Pharmacotherapy is less effective than surgical or endoscopic procedures. Drugs relaxing the smooth muscle of the LES and esophageal body supplement surgical or endoscopic treatment. Isosorbide dinitrate 5 to 20 mg or nifedipine 10 to 30 mg administered sublingually 10 to 30 minutes before a meal (duration of action, ~1.5 hours) are used. The benefit is not durable.

Endoscopic Treatment

1. Pneumatic balloon dilation of the LES weakens the LES by circumferential stretching or tearing of its muscle fibers. It should be performed by an experienced endoscopist. The efficacy may last 12 to 24 months and retreatment is required for symptom recurrence in >50% of patients over a 5-year period. Complications include esophageal perforation, upper gastrointestinal bleeding, reflux esophagitis, intramural hematomas, esophageal mucosal tears, aspiration pneumonia, and diverticula at the gastric cardia. Postprocedural fever and postprocedural chest pain can be self-limiting.

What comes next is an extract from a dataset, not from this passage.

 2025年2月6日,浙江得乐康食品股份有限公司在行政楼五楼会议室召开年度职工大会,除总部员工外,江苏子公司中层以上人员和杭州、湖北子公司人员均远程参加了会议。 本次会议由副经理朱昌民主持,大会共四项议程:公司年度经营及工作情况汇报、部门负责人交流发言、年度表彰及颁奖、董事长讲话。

2. Intrasphincteric injection of botulinum toxin during endoscopy paralyses the LES by poisoning the excitatory (acetylcholine-releasing) neurons that increase the LES smooth muscle tone, thereby reducing LES resting pressure.

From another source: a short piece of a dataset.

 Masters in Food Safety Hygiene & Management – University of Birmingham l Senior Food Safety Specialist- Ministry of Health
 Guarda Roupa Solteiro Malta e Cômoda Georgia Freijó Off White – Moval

3. Peroral endoscopic myotomy (POEM) is a longitudinal cut of the esophageal muscle with a special knife inserted through the gastroscope. The procedure is performed under general anesthesia with endotracheal intubation. Myotomy is performed inside the esophagus with subsequent closure of the esophageal mucosa. Leakage of air and esophageal fluid may complicate the procedure.

Surgical Treatment

Cardiomyotomy (Heller myotomy) has been the primary alternative to pneumatic dilation for achalasia. It is a longitudinal incision of the muscle fibers of the LES and cardia. Heller myotomy is usually performed laparoscopically and is frequently combined with partial fundoplication to reduce the risk of symptomatic gastroesophageal reflux. The advantages of surgical myotomy are high initial success rates and, compared with pneumatic dilation, lower rates of symptom recurrence. Indications include stricture of the cardia that blocks passage of the endoscope to the stomach and age <30 years; the procedure is also indicated in situations when multiple sessions of esophageal dilation will probably be necessary. The main complication is gastroesophageal reflux. In certain cases (eg, severe esophageal dilation) esophageal resection may be indicated.

PrognosisTop

The majority of patients require multiple endoscopic procedures (dilation, injection of botulinum toxin) or myotomy (endoscopic or surgical), which are often only partially effective. Even after successful treatment the risk of developing esophageal cancer is probably increased, which is why some clinicians advise periodic endoscopic follow-up.